Using only the entries below, copy exactly the lines that begin at the one with "直播吧9月10日讯 德转盘点" and end at the one with "Example scenario with", both included. Drop the pictures.

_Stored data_
#####

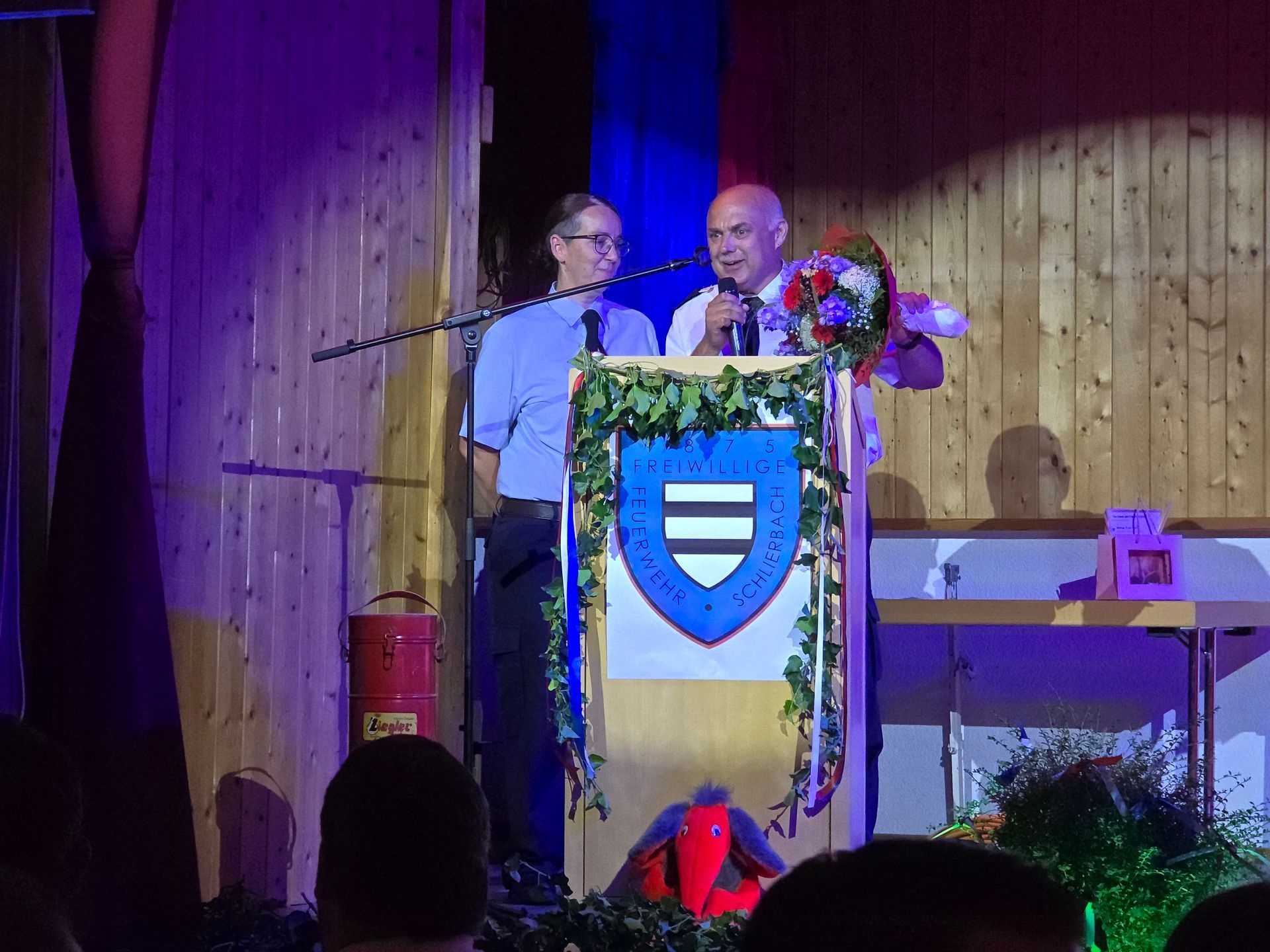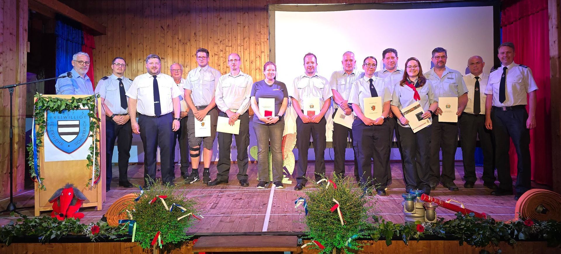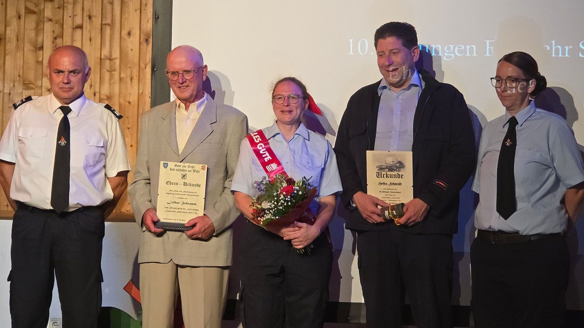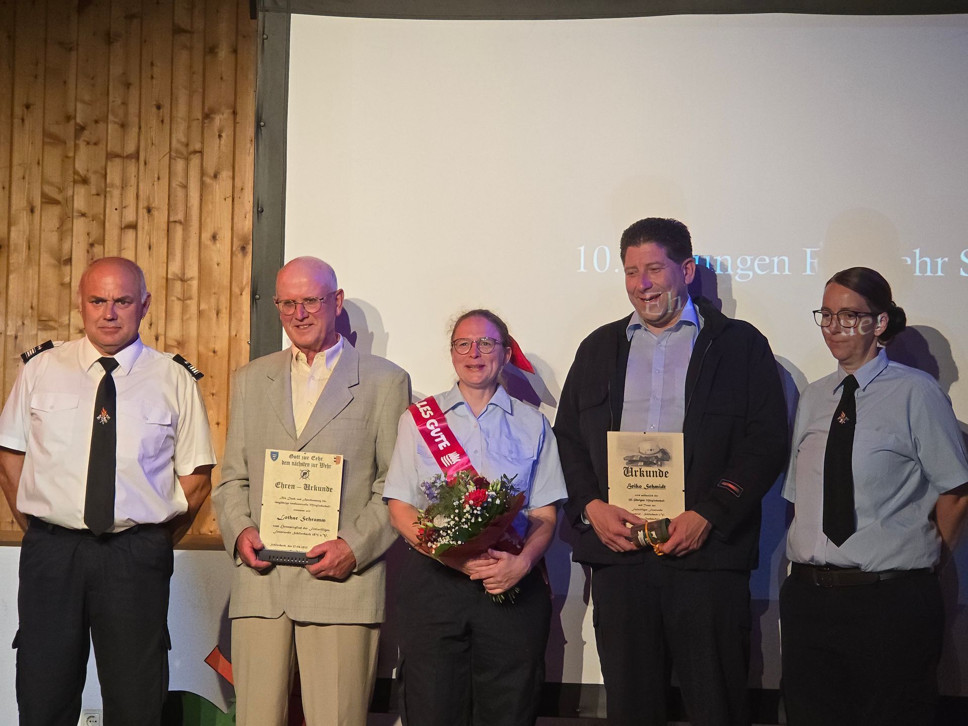 Fortgesetzt wurde das Programm mit der Ausrichtung von Grußworten durch die anwesenden Ehrengäste, in denen vor allem die hervorragende Kinder- und Jugendarbeit betont wurde, denn dadurch ist der Nachwuchs gesichert. Anschließend fanden Ehrungen der Feuerwehr Schlierbach statt. Lothar Schramm erhielt die Ehren-Urkunde als Dank und Anerkennung für langjährige und verdienstvolle Mitgliedschaft. Heiko Schmidt erhielt anlässlich der 30-jährigen Mitgliedschaft und Treue ebenfalls eine Urkunde.
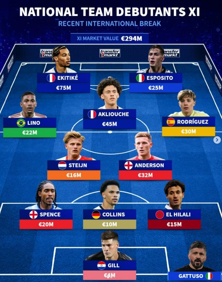 直播吧9月10日讯 德转盘点了在本次国际比赛日迎来自己国家队首秀的11人阵容,其中埃基蒂克领衔,以下为具体阵容:
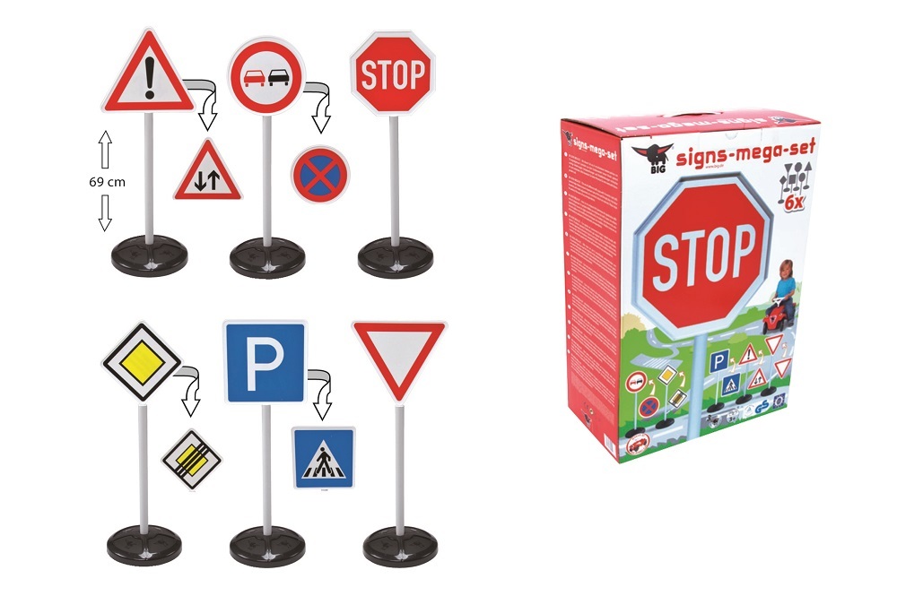 Velká sada 6 dopravních značek. 4 značky mají jiný symbol na přední a zadní straně. Set obsahuje následující značky: stop, pozor jiné nebezpečí, provoz v obou směrech, zákaz předjíždění, hlavní silnice, konec hlavní silnice, zákaz zastavení, parkoviště, přechod pro chodce. Výška 69 cm. przeczytaj całość
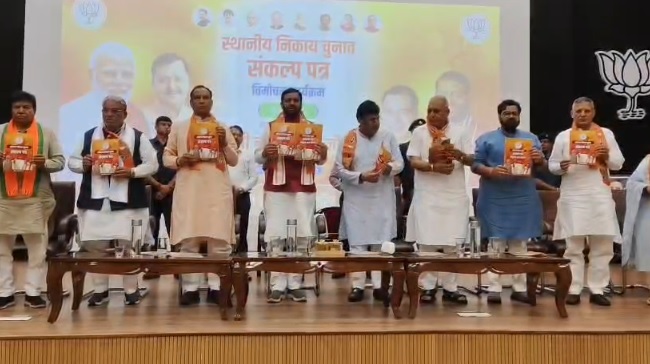 पंचकूला : मुख्यमंत्री नायब सिंह सैनी ने आज पंचकूला में भाजपा के प्रदेश कार्यालय "पंचकमल" के अटल सभागार में नगर निकाय चुनाव के लिए भाजपा के "संकल्प पत्र" (घोषणा पत्र) का विमोचन किया।
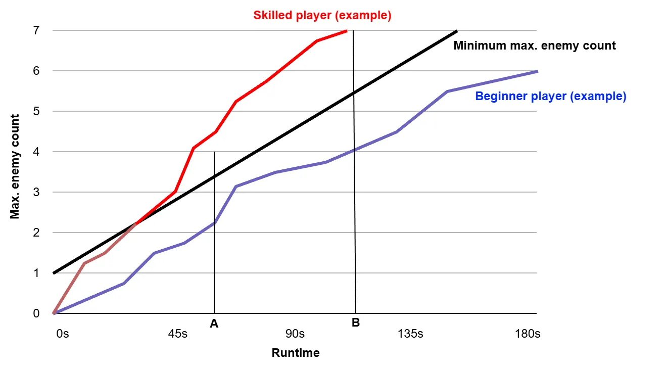 Example scenario with the hidden combat scores of two players. At point A the skilled player already faces 4 enemies to the beginner's 3. By point B the skilled player has hit the cap of 7, while the beginner faces 5 enemies.
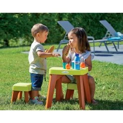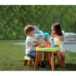 Pas besoin d’attendre le plein Ă©tĂ© pour profiter ! Un rayon de soleil et hop, on dĂ©jeune Ă l’extĂ©rieur grâce Ă la Table de pique-nique avec 2 tabourets d’Ecoiffier. Elle permet, une fois confortablement installĂ©s de jouer Ă savourer toutes les « provisions » emportĂ©es. Sachant qu’on peut bien sĂ»r aussi, grignoter ou goĂ»ter pour de vrai !Â
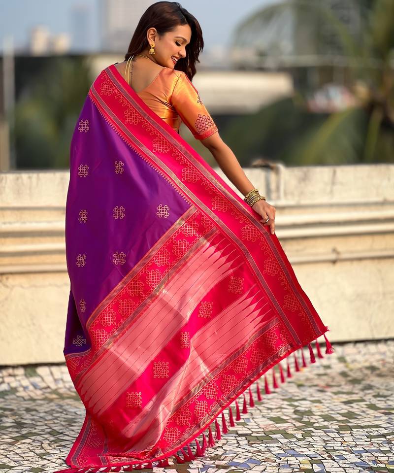 Light purple border traditional butti & geometric zari work rich woven pallu design
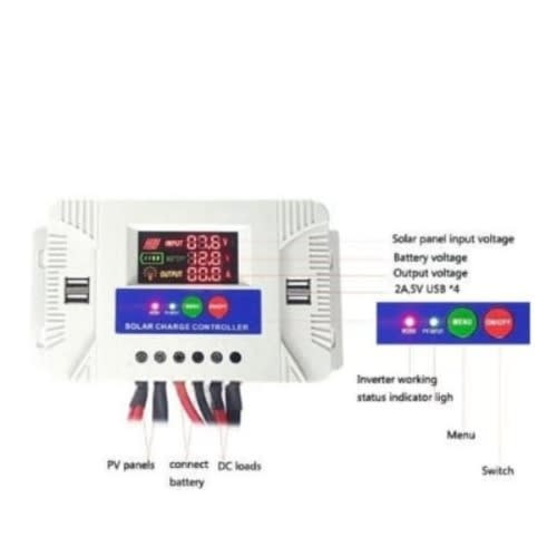 Solar Charge Controller 30A, 12V/24V Solar Panel Battery Controller PWM Solar Controller Intelligent Regulator Adjustable LCD Display Description: Type:Solar Power Meters Material:ABS+component Power:12V/24V Display Type:LCD Display Interface:Dual USB Package List: One 30A Solar Panel Battery Charge Controller PWM and manual
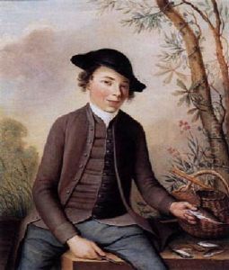 A Kitchenmaid Cleaning Fish Before A Farmhouse
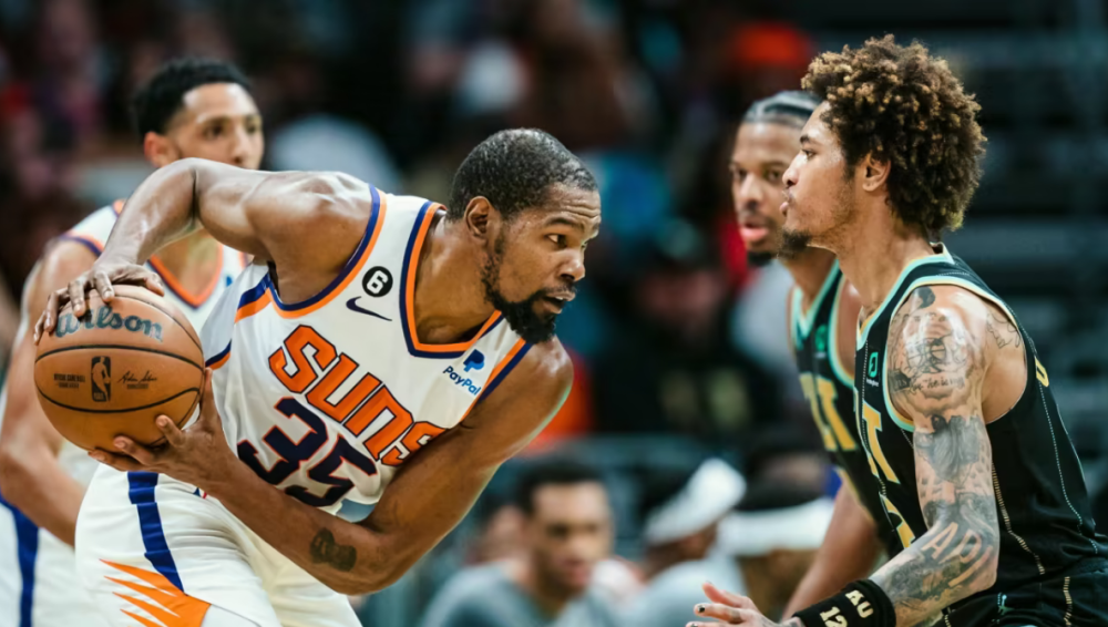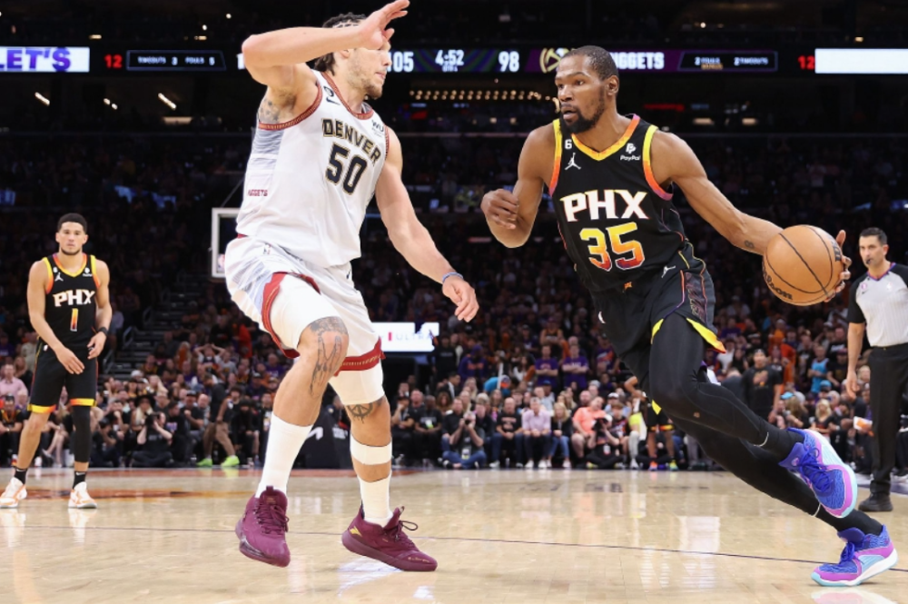 2019年總決賽,杜蘭特遭遇跟腱斷裂,隨后賽季報銷一年,養傷,復出之後,杜蘭特數據下滑不大,但是他的出勤率嚴重下降了,單賽季39場,單賽季47場,單賽季55場。2021-22賽季季后賽,杜蘭特場均只有26.3分,投籃命中率只有38%,三分命中率只有33%。當時球迷都以為杜蘭特的實力因傷下滑了,難以重返巔峰。不過,上賽季杜蘭特在太陽隊打季后賽,重新找到了巔峰狀態:場均貢獻29.0分+8.7籃板+5.5助攻+0.8搶斷+1.4蓋帽的數據,真實命中率高達65%,相當高效。

#####

_Task solution_
 直播吧9月10日讯 德转盘点了在本次国际比赛日迎来自己国家队首秀的11人阵容,其中埃基蒂克领衔,以下为具体阵容:
 Velká sada 6 dopravních značek. 4 značky mají jiný symbol na přední a zadní straně. Set obsahuje následující značky: stop, pozor jiné nebezpečí, provoz v obou směrech, zákaz předjíždění, hlavní silnice, konec hlavní silnice, zákaz zastavení, parkoviště, přechod pro chodce. Výška 69 cm. przeczytaj całość
 पंचकूला : मुख्यमंत्री नायब सिंह सैनी ने आज पंचकूला में भाजपा के प्रदेश कार्यालय "पंचकमल" के अटल सभागार में नगर निकाय चुनाव के लिए भाजपा के "संकल्प पत्र" (घोषणा पत्र) का विमोचन किया।
 Example scenario with the hidden combat scores of two players. At point A the skilled player already faces 4 enemies to the beginner's 3. By point B the skilled player has hit the cap of 7, while the beginner faces 5 enemies.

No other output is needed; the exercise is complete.